Wasplaten en aardsterren
Zo zijn er de puntmutswasplaat, het papegaaizwammetje en het sneeuwzwammetje. Geen rood met witte stippen maar bijna van kaarsvet geboetseerde, prachtig gekleurde kleine paddenstoelen van duingraslanden. Het zijn paddenstoelen die goed tegen de kou kunnen en zelfs enkele nachten met vorst zijn geen probleem. Verdroging is wel een probleem, vandaar dat je ze niet in de droge zomer maar aan het eind van het jaar vindt op vochtige, voedselarme, door konijnen kort gegraasde, duingraslanden.
Een andere, wonderlijke groep zwammen zijn de buikzwammen. Deze soorten doen hun uiterste best om door de korte vegetatielaag heen te breken. Het gesteelde stuifballetje doet dit door het kleine balletje met sporen op een steeltje boven de moslaag uit te steken.
De prachtige gevormde aardsterren zijn lomper in hun strategie. Zij duwen zich met forse slippen boven de vegetatie uit. Dat gaat met zoveel geweld dat de bollen vol sporen zelfs los komen te staan van de ondergrond en, al sporen spuwend, van de helling kunnen rollen. Zoals bij de wasplaten kennen ook de aardsterren weer prachtige namen als kop- en schotel, gekraagde aardster en peperbus.
Die hards
Maar liever dan deze mycologische pareltjes, zijn me uiteindelijk de mossen in het Nationaal Park Hollandse Duinen. De herfst is wat mij betreft namelijk hét seizoen van de mossen, veel meer nog dan dat van de paddenstoelen. Als alle grote kruidachtige planten klaar zijn met hun voortplantingsseizoen, dat opzichtige gedoe met bloemen, bijtjes en zaadjes, dan zijn de die hards van het duin aan de beurt: de mossen.
Mossen hebben vocht en wind nodig om zich voort te planten. En in de herfst vind je dat in overvloed. Als mossen vochtig zijn, kunnen de zaadcellen van de mannelijke planten de eicellen van de vrouwelijke planten bereiken en vormen zich sporen. Bij droog weer worden die door de wind of door een herfststorm meegevoerd om elders weer een plekje te vinden om te groeien.
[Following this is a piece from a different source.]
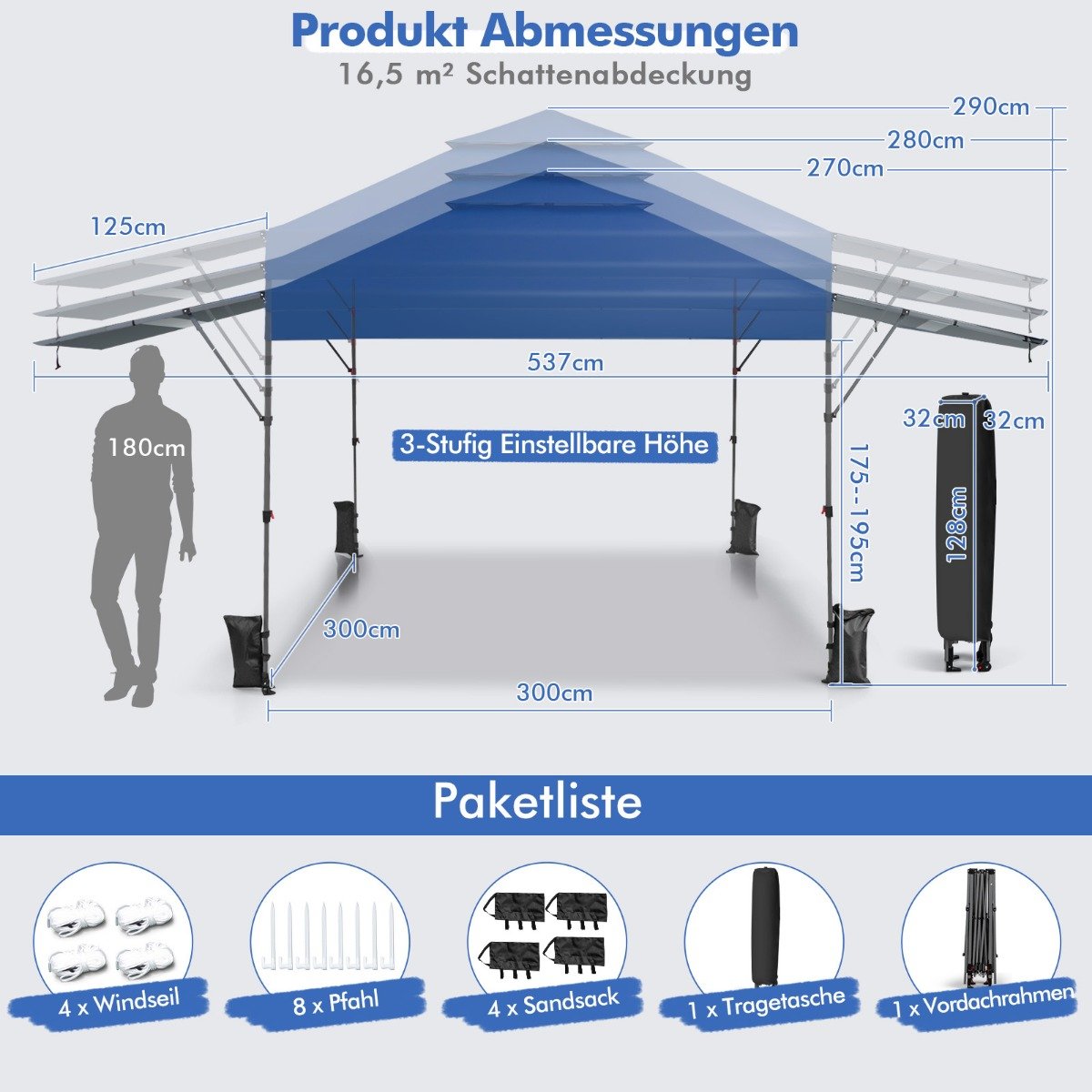 Greito surinkimo lauko renginių pavėsinė 300 x 537 cm (Mėlyna)
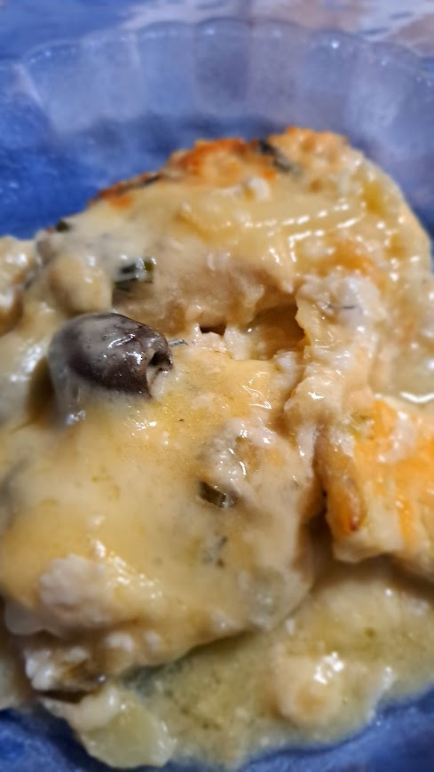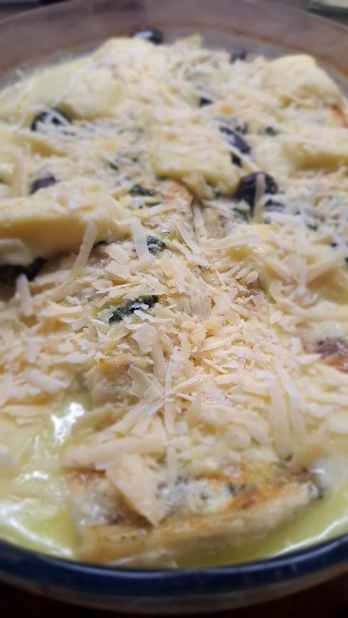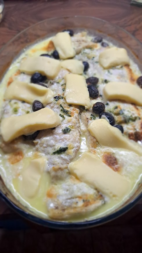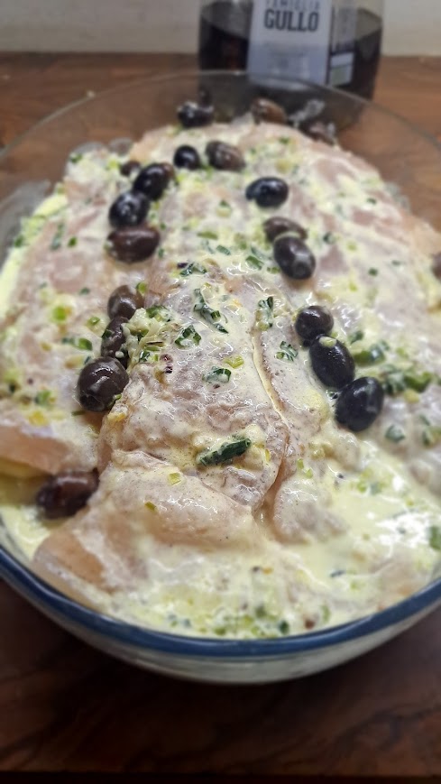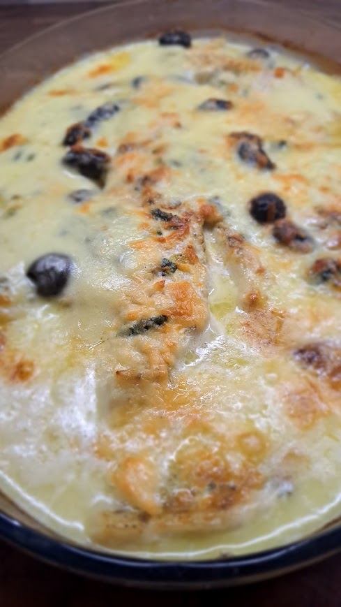 Ingredientes: 3 kilos de Lenguado fresco. 3 Plantas de cebolla de verdeo , aceite de oliva, 4 papas, aceitunas negras, Queso Parmesano 300 gramos y mozzarella 600 gramos. Un pote de 500 gramos de crema de leche ,sal y pimienta a gusto. Y 3 dientes de ajos

De eerlijkheid gebiedt me wel te zeggen dat sommige soorten mos zich ook in voorjaar of zomer voortplanten, maar bij de meeste soorten vindt de voortplanting in de herfst en winter plaats.
Held onder de mossen
Mossen gaan sowieso op een bijzondere manier om met vocht. Ze nemen namelijk voedingstoffen en vocht op via hun blaadjes en niet via wortels. Je kunt dat zelf in de duinen zien als je op een droge dag langs het pad een bruin plakkaat mossen tegenkomt op een zuidhelling. Zo’n barre helling waar de wind vol op los gaat en in de zomer de zon stevig op kan branden. Op een dergelijke zuidhelling staat wat mij betreft de held onder de mossen: het groot duinsterretje. Bruin knisperend op droge dagen maar als je een klein beetje water op het mos sprenkelt, kleurt het onmiddellijk prachtig groen en komt de fotosynthese op gang.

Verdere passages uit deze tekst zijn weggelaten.